Still it was the largest among the empires that rose in India
I am going to say that with modern scholarship in mind it is a disingenuous argument to claim that the Mauryas had a larger state than the current Republic and probably the Mughals.[1] According to recent research the Mauryan state was a 'spider,' a very decentralized state - the Mughals most likely held
effective control over more land, at least briefly during Aurangzeb, and the current Republic definitely does.
The geography of Mauryan empire resembled a spider with a small dense body and long spindly legs.The highest echelons of imperial society lived in the inner circle composed of the ruler, his immediate family, other relatives, and close allies, who formed a dynastic core. Outside the core, Mauryan empire ran along stringy routes dotted with armed cities. (from India and South Asia: A Short History)
In other words, Magadha, the Gangetic imperial core or the 'head of the spider,' was most likely quite centralized and fairly uniformly administered. Central authority in territories surrounding this core was significant, but not as strong as in Magadha itself. Outside the northern heartland, imperial control was limited, with imperial control very possibly present only in major roads and resource-producing areas like the gold mines of Karnataka. To quote "The First Millennium B.C. in Northern India" by Romila Thapar that I've been drawing on,
Excavations carried out so far at sites close to the location of Asokan inscriptions, do not provide significant evidence of a Mauryan presence. Asokan inscriptions tend to cluster in Karnataka. The archaeological sites are largely those of megalithic burials and settlements, suggesting that there was a pre-existing pattern of habitation and exchange into which the Mauryas may have intruded [...] Mauryan control seems to have been greater in those areas where they were tapping resources, as, for example, gold, and hence the cluster of inscriptions. Possibly, other resources were obtained through local agencies, such as the people inhabiting the megalithic sites, and their way of life remained substantially unchanged by the Mauryan presence.
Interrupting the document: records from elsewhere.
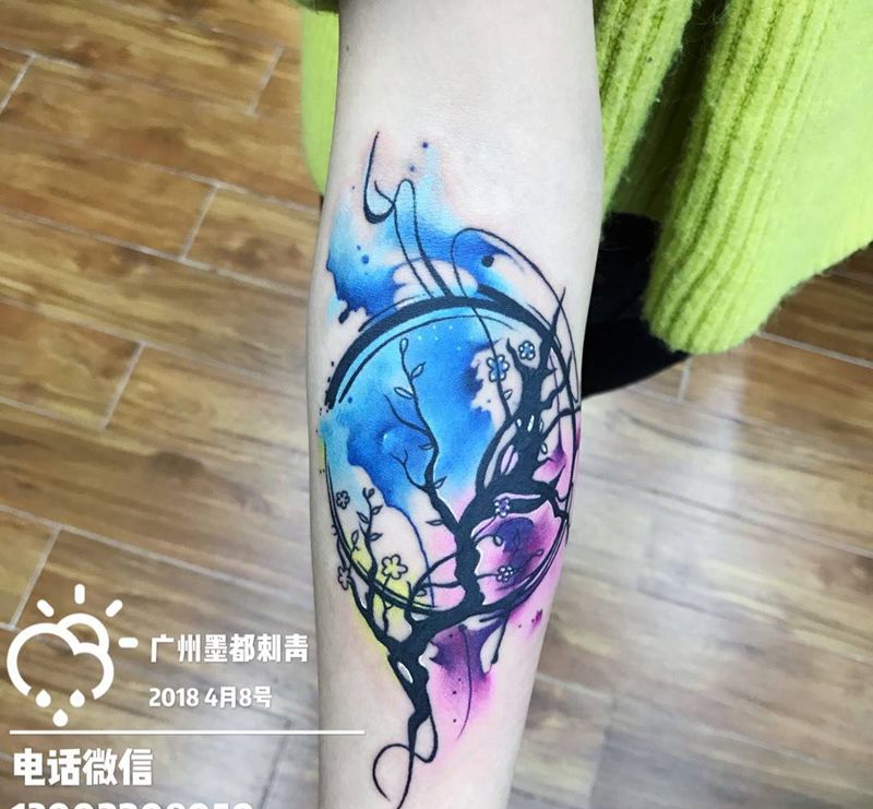当前位置: 首页 >广东省广州市纹身店-墨都刺青纹身图案>水彩遮盖作品纹身图片_原创水彩植物图腾清新手臂手部成品手稿插画纹身图案
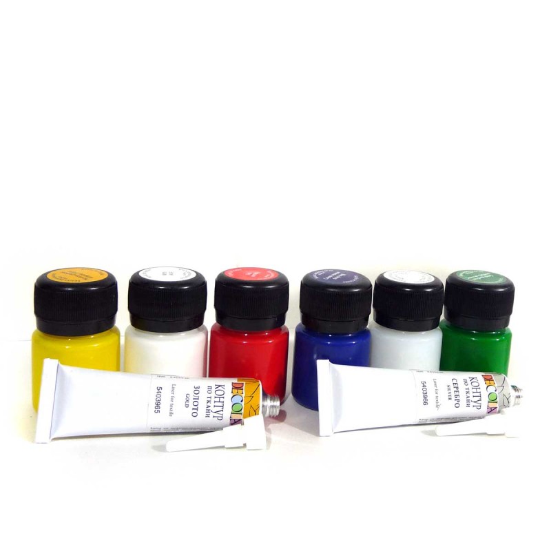 входят 5 баночек с акриловой краской по 20 мл., 2 тубы с контуром
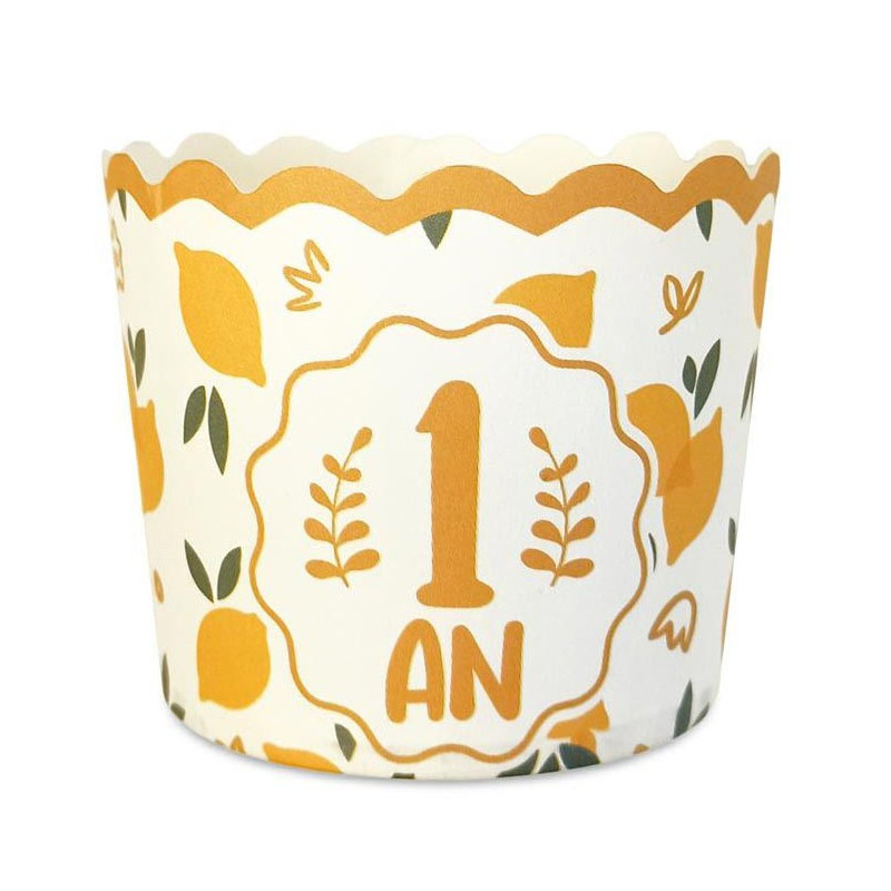 Le paquet contient 12 caissettes à cupcake 1 an cartonnées qui mesurent 6 cm de diamètre (à la base) et 5,5 cm de hauteur. Ces caissettes sont blanches et décorées avec un liseré orange qui est accompagné de citrons, de feuilles vertes et d'une inscription "1 an". Elles doivent être utilisées en décoration, pour masquer les caissettes de vos muffins/cupcakes. C'est parfait pour avoir une déco de table d'anniversaire bébé 1 an qui sera à 100% sur le thème de l'anniversaire 1 an.
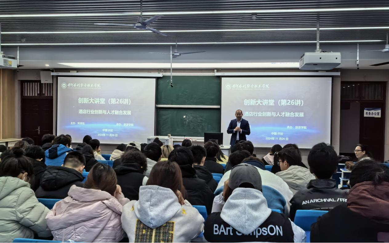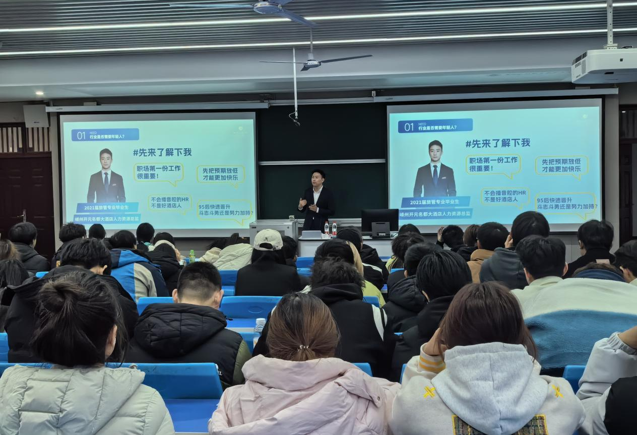 11月26日上午,旅游学院开展了一场总经理进课堂活动,嵊州开元名都大酒店总经理吕刚,酒店教研室全体老师和2024级酒店民宿专业新生参与此次活动,活动由王进副院长主持。吕刚做了一场酒店行业创新与人才融合发展的专业主题讲座。
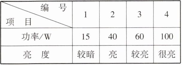 4. 张潇发现家里各种白炽灯的亮度不同,于是请爸爸把每盏灯都拿下来,装在同一个房间的台灯罩下观察,并把每盏灯的功率及亮度关系列在下表中.
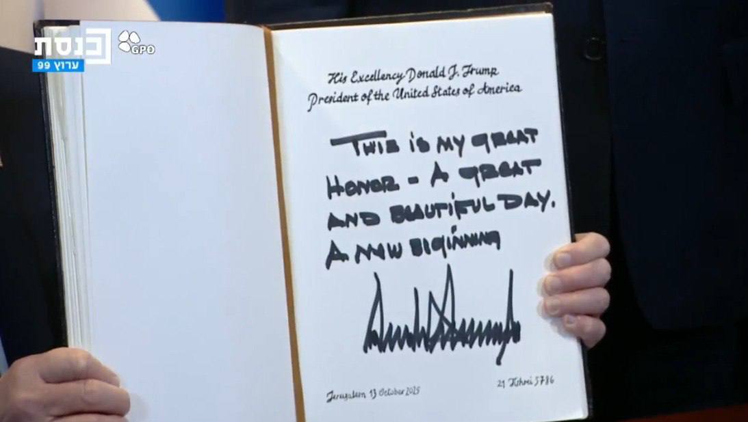 في مشهد يحمل دلالات سياسية عميقة، دوّن الرئيس الأمريكي دونالد ترامب عبارة “يوم عظيم وجميل.. بداية جديدة” في سجل الضيوف بالكنيست الإسرائيلي، قبيل إلقاء كلمته أمام النواب، في زيارة تُعد الأولى له إلى تل أبيب منذ إعادة انتخابه رئيسًا للولايات المتحدة.
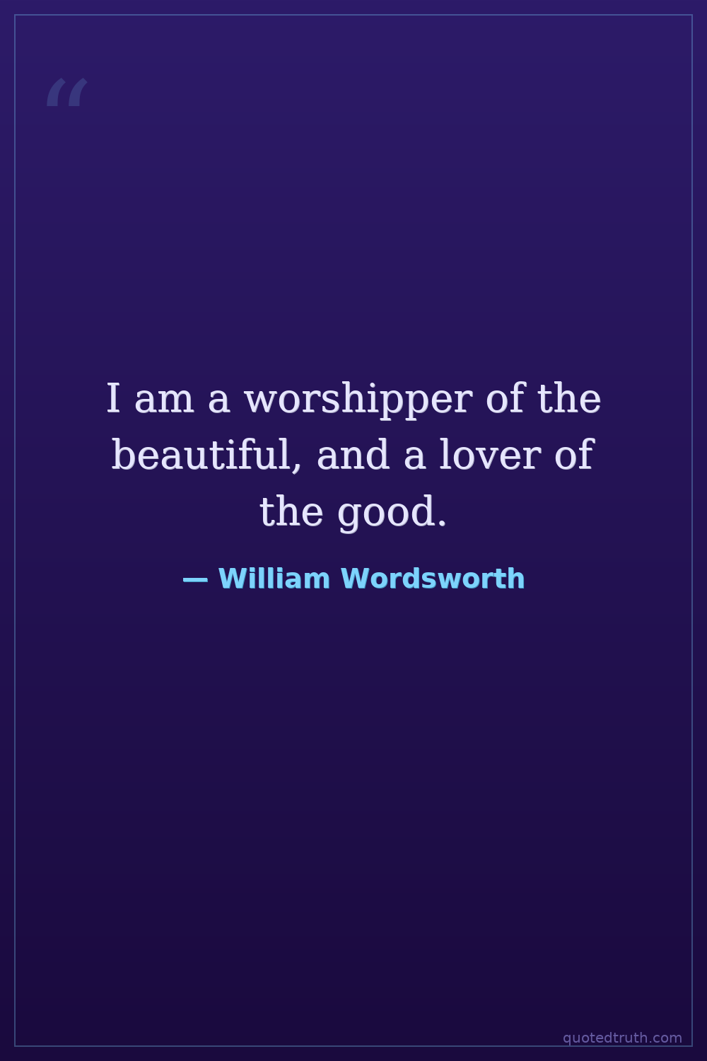 I am a worshipper of the beautiful, and a lover of the good.
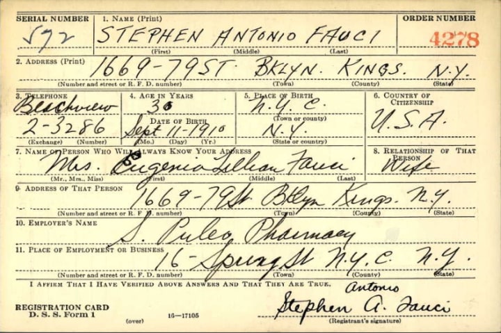 Antonio Fauci was born in 1876 in Sciacca, Italy to Pierto Fauci and Accursia Abruzzo. Cologera "Lillie" Guardino was born in 1873 in Sciacca, Italy to Pierto Guardino and Calogera "Lillie" Guirreri. Lillie immigrated to the United States in 1890 from Italy when she was just 17 years old. Antonio would do the same in 1900 when he was 24 years old. Antonio and Lillie married on April 19th, 1902 in Manhattan, New York when Antonio was 26 and Lillie was 29. According to the 1920 United States Census, the Faucis would later move to 1646 81st street in Brooklyn, New York. During this time, Antonio was in the process of obtaining citizenship in the United States and had submitted his paperwork to do so. During this time, Antonio is listed as working as a bookkeeper in the contracting industry. By 1940, Antonio and Lillie moved to 1669 79th Street, in Brooklyn. By this time, Antonio was working as a contractor but had officially become a citizen of the United States.

Archaeologically there's no real 'Mauryan ceramic phase,' for example.
To sum up things by quoting "Imperial Landscapes of South Asia" by Carla M. Sinopoli,
While the Mauryans may have had effective territorial control in their northern heartland, imperial territories in Peninsular India were restricted to areas near important mineral resources and trade routes, suggesting discontinuous territories and limited presence in many areas of the peninsula. Other than the inscriptions and some rare artifacts, areas distant from the imperial core contain relatively little direct evidence of the Mauryan presence, and no evidence of the form that presence may have taken.
That is, I am partial to the following map of the Mauryan empire (taken from Sinopoli, "Imperial Landscapes") than those on Wikipedia:
[1] Who did not, by the way, rise in India as you state; Babur was born and crowned in Andijan and reigned as ruler of Kabul much longer than as ruler of Hindustan, and in a broader sense the Mughals were Timurids.